• [MATERIAL PROVIDED]
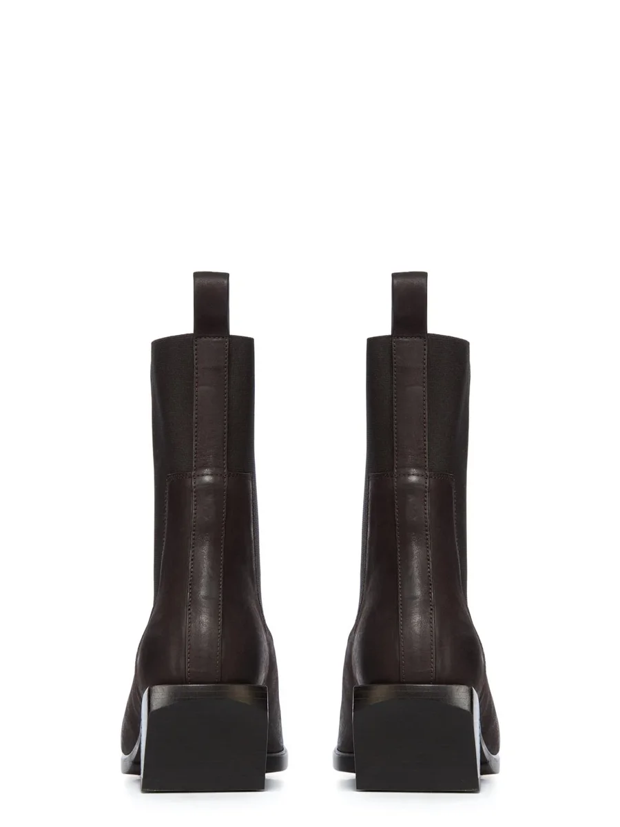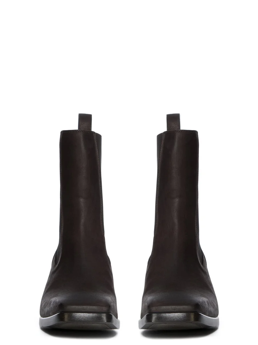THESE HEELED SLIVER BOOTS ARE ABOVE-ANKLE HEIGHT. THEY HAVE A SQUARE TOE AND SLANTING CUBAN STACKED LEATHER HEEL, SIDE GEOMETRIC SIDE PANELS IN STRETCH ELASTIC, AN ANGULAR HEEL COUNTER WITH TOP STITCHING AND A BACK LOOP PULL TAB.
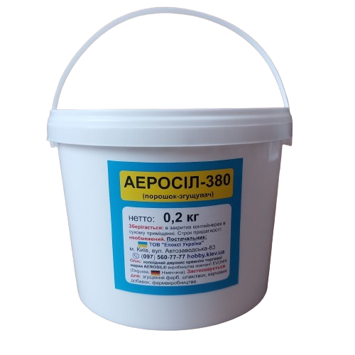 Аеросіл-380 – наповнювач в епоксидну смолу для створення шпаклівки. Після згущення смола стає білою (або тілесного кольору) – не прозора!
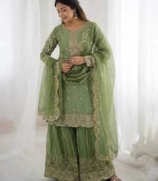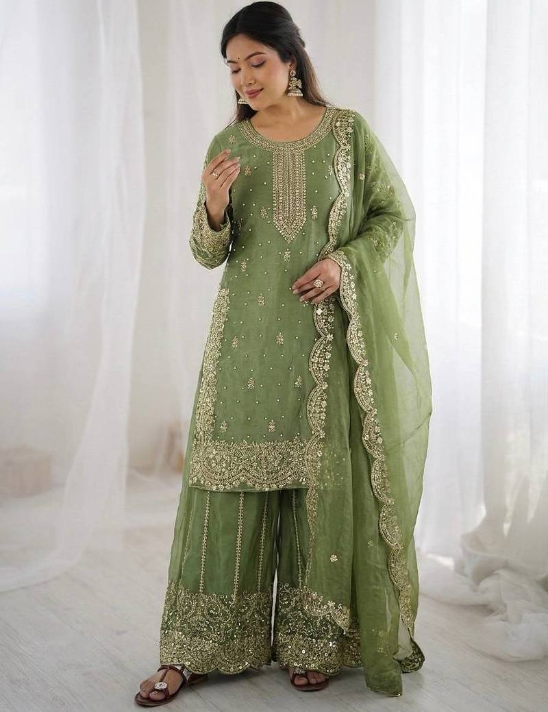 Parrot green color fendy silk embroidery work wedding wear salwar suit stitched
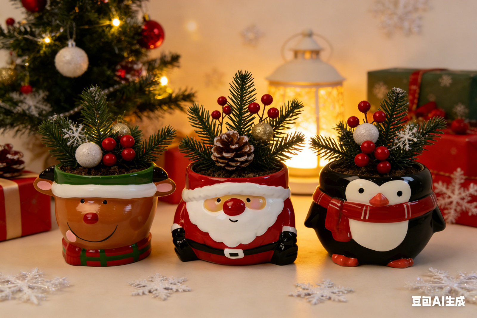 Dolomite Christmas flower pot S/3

• [THE TASK]
Nothing should appear in the answer except the lines from the first line of the data through the line holding "Аеросіл-380 – наповнювач", exactly as written, with pictures left out.

• [SOLUTION TO THIS EXERCISE]
THESE HEELED SLIVER BOOTS ARE ABOVE-ANKLE HEIGHT. THEY HAVE A SQUARE TOE AND SLANTING CUBAN STACKED LEATHER HEEL, SIDE GEOMETRIC SIDE PANELS IN STRETCH ELASTIC, AN ANGULAR HEEL COUNTER WITH TOP STITCHING AND A BACK LOOP PULL TAB.
 Аеросіл-380 – наповнювач в епоксидну смолу для створення шпаклівки. Після згущення смола стає білою (або тілесного кольору) – не прозора!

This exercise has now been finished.